Work required
Among the records that follow, find the line with "- connessione internet" and the line with "ผ้าคลุมไหล่ผ้าไหม ไหมแท้ 6ตะกอ". Set down those lines and all lines between them exactly, without adding anything.

Data section
§

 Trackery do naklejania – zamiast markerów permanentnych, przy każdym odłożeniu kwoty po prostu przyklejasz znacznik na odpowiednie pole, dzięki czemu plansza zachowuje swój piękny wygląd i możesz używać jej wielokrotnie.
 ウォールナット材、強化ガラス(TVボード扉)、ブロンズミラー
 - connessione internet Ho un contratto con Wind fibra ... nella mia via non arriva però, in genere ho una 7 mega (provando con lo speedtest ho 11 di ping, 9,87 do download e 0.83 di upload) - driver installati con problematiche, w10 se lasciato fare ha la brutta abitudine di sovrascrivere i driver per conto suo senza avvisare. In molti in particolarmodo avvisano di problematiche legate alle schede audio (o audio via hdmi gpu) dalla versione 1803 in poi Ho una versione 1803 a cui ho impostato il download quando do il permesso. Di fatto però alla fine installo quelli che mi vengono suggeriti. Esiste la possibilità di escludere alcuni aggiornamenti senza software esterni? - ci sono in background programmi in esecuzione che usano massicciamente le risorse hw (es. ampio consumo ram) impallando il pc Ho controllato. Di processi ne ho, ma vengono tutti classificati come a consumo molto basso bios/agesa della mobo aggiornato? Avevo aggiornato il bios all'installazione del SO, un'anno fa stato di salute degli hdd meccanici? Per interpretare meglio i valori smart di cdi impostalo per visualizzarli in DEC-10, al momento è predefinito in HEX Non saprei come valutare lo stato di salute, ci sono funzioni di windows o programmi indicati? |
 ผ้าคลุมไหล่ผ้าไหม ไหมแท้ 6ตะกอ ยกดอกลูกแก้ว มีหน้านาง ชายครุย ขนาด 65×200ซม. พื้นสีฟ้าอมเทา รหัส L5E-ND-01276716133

§

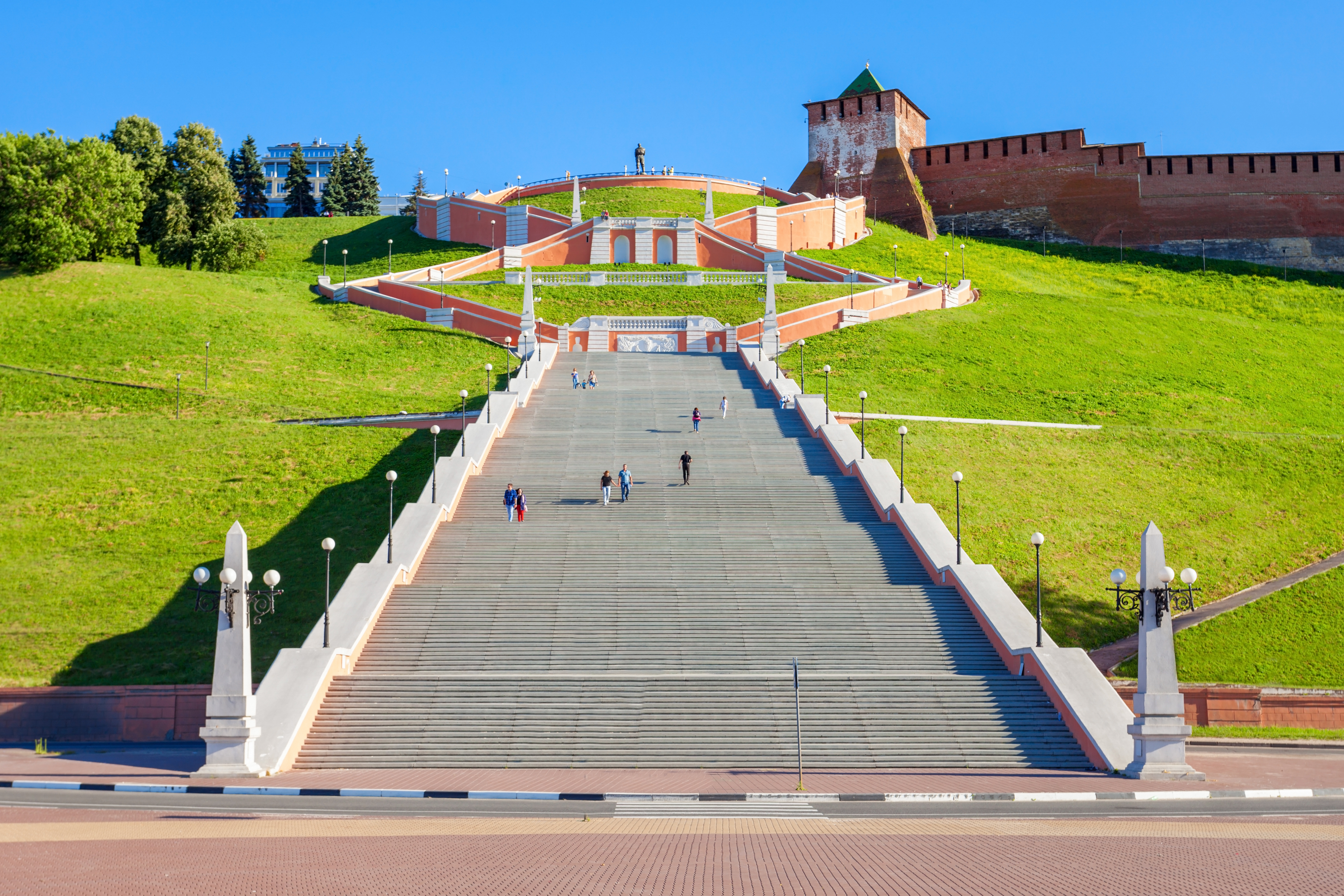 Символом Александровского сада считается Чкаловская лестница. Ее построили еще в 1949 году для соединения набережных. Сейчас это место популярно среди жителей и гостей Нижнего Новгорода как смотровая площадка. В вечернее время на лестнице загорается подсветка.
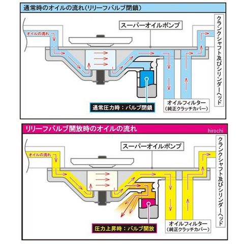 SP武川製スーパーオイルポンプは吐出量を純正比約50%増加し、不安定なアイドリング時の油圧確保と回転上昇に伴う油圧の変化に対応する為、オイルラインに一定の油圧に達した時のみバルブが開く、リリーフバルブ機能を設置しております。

§

Answer box
 - connessione internet Ho un contratto con Wind fibra ... nella mia via non arriva però, in genere ho una 7 mega (provando con lo speedtest ho 11 di ping, 9,87 do download e 0.83 di upload) - driver installati con problematiche, w10 se lasciato fare ha la brutta abitudine di sovrascrivere i driver per conto suo senza avvisare. In molti in particolarmodo avvisano di problematiche legate alle schede audio (o audio via hdmi gpu) dalla versione 1803 in poi Ho una versione 1803 a cui ho impostato il download quando do il permesso. Di fatto però alla fine installo quelli che mi vengono suggeriti. Esiste la possibilità di escludere alcuni aggiornamenti senza software esterni? - ci sono in background programmi in esecuzione che usano massicciamente le risorse hw (es. ampio consumo ram) impallando il pc Ho controllato. Di processi ne ho, ma vengono tutti classificati come a consumo molto basso bios/agesa della mobo aggiornato? Avevo aggiornato il bios all'installazione del SO, un'anno fa stato di salute degli hdd meccanici? Per interpretare meglio i valori smart di cdi impostalo per visualizzarli in DEC-10, al momento è predefinito in HEX Non saprei come valutare lo stato di salute, ci sono funzioni di windows o programmi indicati? |
 ผ้าคลุมไหล่ผ้าไหม ไหมแท้ 6ตะกอ ยกดอกลูกแก้ว มีหน้านาง ชายครุย ขนาด 65×200ซม. พื้นสีฟ้าอมเทา รหัส L5E-ND-01276716133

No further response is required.